Thus, to achieve a target throughput $\hat{T}$ and satisfactory error rate performance, a proper number $I$ of iterations should be used. The minimum $P$ ($P_m$) to satisfy $\hat{T}$ with $I$ iterations can be estimated from (3) for some ASIP architectures available in the literature. If we consider $I = 5$, as in [1], [17], $P$ ranges between 5 and 37 to achieve $\hat{T} = 200$ Mb/s (see Table I). It is worth pointing out that the $C = (R \cdot d)^{-1}$ values in Table I represent the average numbers of cycles required by the SISO to update the soft information of one bit (see Table VI in [1] and Table I in [17]). Moreover, $C$ strongly depends on the internal architecture of the SISO and in general tends to increase with the code complexity. As a consequence, several conditions can further increase $P$, namely 1) interconnection structures with larger $IL$; 2) higher $(R \cdot d)^{-1}$ values; 3) higher $\hat{T}$; 4) higher $I$; 5) lower clock frequency. Thus, we consider as relevant for investigation a slightly wider range for $P$: $P \in \{8, 16, 32, 64\}$.

### Table I

<table>
<thead>
<tr>
<th>Architecture</th>
<th>Technology [nm]</th>
<th>$f_{clk}$ [MHz]</th>
<th>$C = (R \cdot d)^{-1}$</th>
<th>$P_m$</th>
</tr>
</thead>
<tbody>
<tr>
<td>[1]</td>
<td>65</td>
<td>400</td>
<td>2.35</td>
<td>6</td>
</tr>
<tr>
<td>[17]</td>
<td>90</td>
<td>400</td>
<td>1.75</td>
<td>5</td>
</tr>
<tr>
<td>[28]</td>
<td>90</td>
<td>335</td>
<td>6.5</td>
<td>20</td>
</tr>
<tr>
<td>[28]</td>
<td>180</td>
<td>180</td>
<td>6.5</td>
<td>37</td>
</tr>
</tbody>
</table>

III. NETWORK BASED APPROACH

The NOC approach [29] has been proposed as a general methodology to interconnect heterogeneous intellectual properties (IP) in complex systems on chip (inter-IP interconnection). Recent works deal with methodologies to design application specific NOCs (e.g. [30]) where the NOC is tailored around a particular application or group of applications. In this scenario, turbo decoder architectures are a common IP required in physical layer chips for modern communication standards. In this work, as in some previous papers, e.g. [18], [21], [23] we concentrate on the problem of interconnecting the main building blocks of a parallel turbo decoder, namely we focus on the intra-IP interconnection problem [31], and we do not deal with the general problem of connecting the turbo decoder IP to other receiver modules through an inter-IP interconnection network. To that purpose, it is worth pointing out that statistical characterization of communication patterns, which is one of the most relevant aspects in the design of application specific NOCs, is not required in turbo decoders, as communication patterns depend on $P$. As a consequence, given a set turbo codes with the corresponding $I$ laws, the intra-IP communication patterns are deterministic. Thus, the challenge of NOC based turbo decoder architectures is to find one or more sets of parameters that match throughput constraints for all supported standards with a reduced complexity overhead. This set of parameters includes $R$, $P$, the topology and the routing algorithm. Two interesting results, developed for a generic application in [32], can be used as general guidelines to design NOC based turbo decoder architectures. i) For short messages and maximum workload ($R = 1$) NOC is an effective solution compared to bus based implementations when $P$ grows. ii) NOC is still an effective solution compared to a bus based implementation even when $R < 1$, given that $P > 25$. Moreover, as highlighted in section II and in [17], to achieve a target throughput of several hundreds of Mb/s a realistic value for $P$ is of some tens. Thus, as shown in [21] interconnection structures that permit concurrent interleaving are mandatory for this scenario, making NOC a viable solution.

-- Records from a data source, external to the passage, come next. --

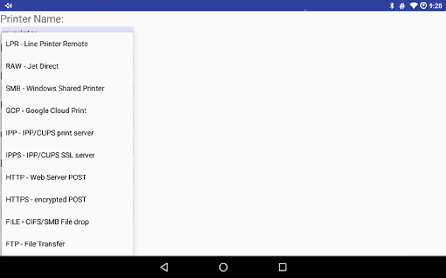 - implements the Android Print Framework Service; use the Print option on Gmail, Chrome, Gallery, etc.
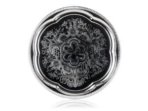 Tác AKCENT pr. 35 cm, Cr. průměr: 35 cm materiál: pochromovaný kov síla materiálu: 0,35 mm Pochromovaný kovový tác AKCENT s ozdobným gravírováním,
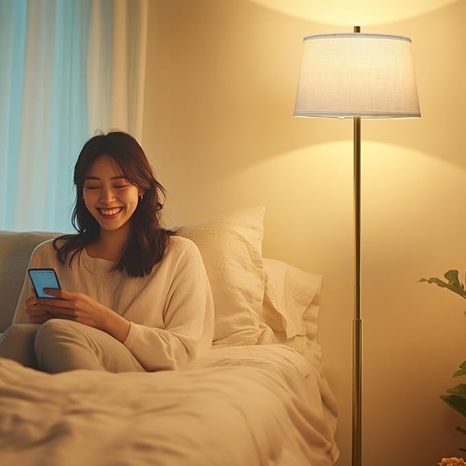 Oneach 61" Floor Lamp for Living Room, Gold Modern Standing Lamp with White Linen Shade, Brass Tall Pole Light with Rotary Switch for Bedroom, Office, Reading Room
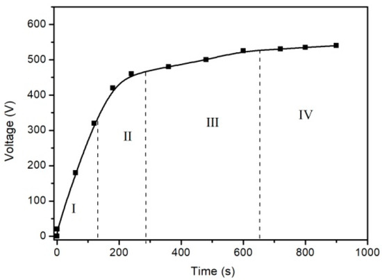 Figure 1 shows the recorded voltage–time response of the PEO process. According to previous results reported in the literatures [9,10,11], four distinguished discharge stages are usually identified during PEO process. First stage: the anodic oxidation stage before breakdown voltage, a uniform Al2O3 passive film was formed on the surface of the substrate; Second stage: the voltage continued to rise beyond the breakdown voltage of the passive film, numerous tiny bright sparks appeared and moved quickly across the surface. Third stage: the voltage grew or increased slowly; the sparks were larger but slower moving across the surface. Fourth stage: in this stage the variation of voltage was slower than that in the third stage, and the sparks generated by concentrated discharges appear as relatively larger and last longer.

A NOC based turbo decoder architecture relies on $P$ nodes connected through a proper topology where the extrinsic information is sent over the network according to a certain
routing algorithm. We assume that each node has a certain number of input and output ports ($M$). As highlighted in [21], node architectures based on input-queuing lead to a fairly low complexity. As a consequence we assume that each node has a FIFO for each input, a crossbar to connect each input FIFO to a proper output and an output register, as shown in Fig. 1. Furthermore, each node has a local SISO (SISO $i$) that sends extrinsic information over the network through the $M - 1$ labeled input port and a local memory (MEM $i$) that receives extrinsic information from the network through the $M - 1$ labeled output port.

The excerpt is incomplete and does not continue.